Hilary strikes me as the type of president to not let her 1st husband to have any say in the presidency officially. I think she wants to prove she is strong and can do it without his help, but also needs his help to win the canidacy.
I think that Hilary will hog the power against her husband who’s natural instinct will be to take over. I also think that if their relationship isn’t as good as what this article states it might fall apart after she wins the presidency or if she does win president then after reelection. If she held some grudge for Bills mischief then she would be about to spit it at him then. She needs the marrage to hold until she wins. No single woman could win the presidency, if indeed any woman can win it. I think that the dual presidency won’t be an issue, and if people don’t vote for Hilary it won’t be because of that. It’ll be because they hate her. Hilary you either like or hate much like her husband.

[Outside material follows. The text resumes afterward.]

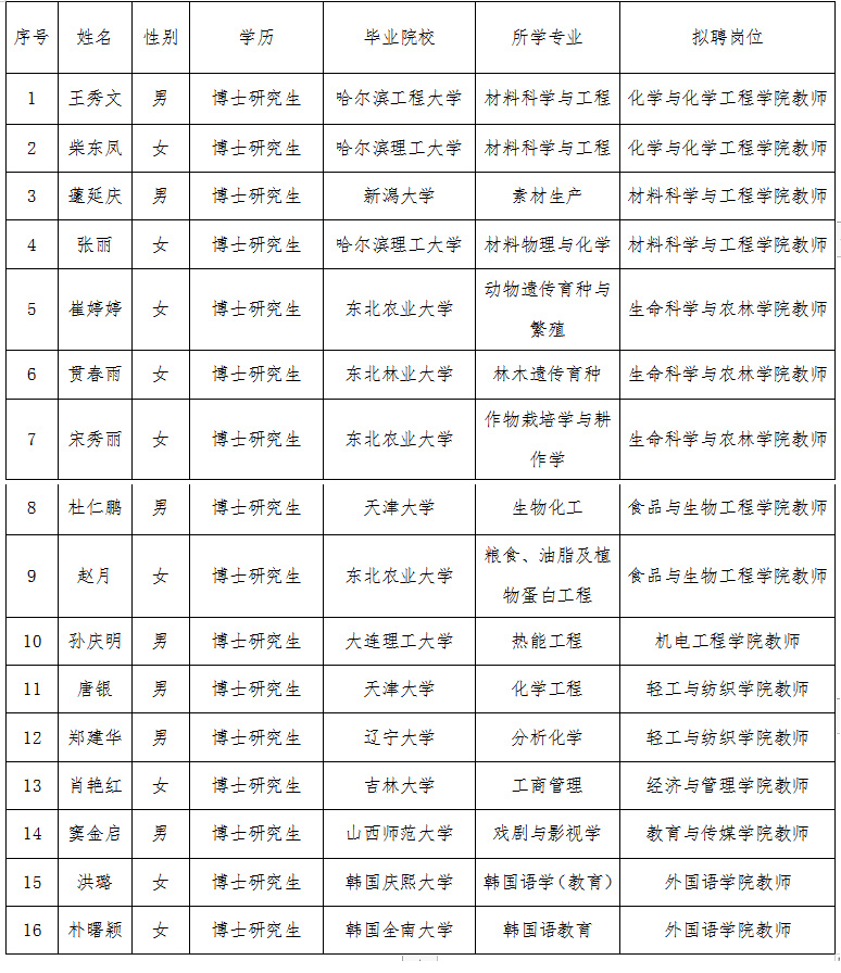 按照《黑龍江省事業(yè)單位公開招聘工作人員實(shí)施細(xì)則》的規(guī)定,根據(jù)《齊齊哈爾大學(xué)2019年上半年公開招聘人員公告》明確的原則、程序和方法,現(xiàn)將擬聘用人員予以公示。如對(duì)公示人員有異議,可在公示期內(nèi)反映,反映情況和問題必須實(shí)事求是,應(yīng)簽署或告知真實(shí)姓名、工作單位和聯(lián)系方式;對(duì)線索不清的匿名信和匿名電話,公示期間不予受理。

Her husband didn’t have a bad presidency though, he just made some moral mistakes. That has nothing to do with his rating of how he governed the country. Besides being impeached I thought he was a very productive president dispite the split-ticket voting he had to deal with during his presidency. That’s one hope I have for this time is I hope that congress is democratic and we have a democratic president because that would indicate a Bush backlash and maybe our economy, and our war problems would be solved.
“A very smart Democrat, a veteran of the Clinton administration, told me he expects it to be a key part of any Republican campaign and is worried about his own party’s ability to respond.”
I always hate to hear this. If you want to say something has the balls to let them publish your name. It seems to me a form of the logical fallacy of “anonymous authority.” It just bugs me that we have no idea who this man is. Why is he so afraid to say the truth maybe it’s a lie. Maybe he is a fabrication of the writer. Regardless he raises a important and interesting question.
Will Hillary as President mean that Bill will have an impact on how the country is run for another eight years? And if so is this good? I think the answer is yes to both issues. So I have to differ with you Vanessa. I have had a girlfriend for nine months now and what each of us does and says impacts the other one greatly. A husband and a wife is the closest knit partnership that exists. Bill will influence Hillary. Hillary influenced Bill no doubt while they were in the white house together just like every first lady takes some important role in politics. Laura’s is literacy Hillary’s was health care. What will Bill’s be? But assume he has an even bigger role. Is this bad?
I do not think it is bad at all,
Having Bill Clinton in the white house again would be great for our country, because Bill was a great President for our country. There exists a reason why Bill’s approval rating was twice as strong as Bush’s. That reason is he kept us out of any serious foreign policy entanglements. He was great with the economy. He presented a middle ground during social issues. He did a great job.
Having him in the white house again means that Hillary has by far the most experienced adviser to ever exist. Not only that but one of the most influential person in the country waiting to do anything he can to help her. It is tradition for first ladies to take on one important issue to combat. Hillary had health care, what will Bill have? I can’t really think of any issue that would be his specialty. But a good one could possibly be immigration reform. I could see her sending him over to access the situation in Iraq. It would not surprise me if she had him address the U.N, nor if she had him hold a cabinet position. He would be an amazing secretary of state. Or even a secretary of treasury. Whatever he does it will be great for America.
I think that the idea of a dual presidency is a fairly important issue. Although I don’t think that it would ever truly be a “dual” Presidency, I do believe that Bill would have some power. This really isn’t a problem politically because Bill was a very good president. The problem lies in the fact that if HillBill was elected President that would mean that there has been either a Bush or Clinton in the white house from 1989 to 2013..thats practically a dynasty even though the two families are very different..most people I believe are ready for a change and are sick of having that kind of dynasty in the WHite House.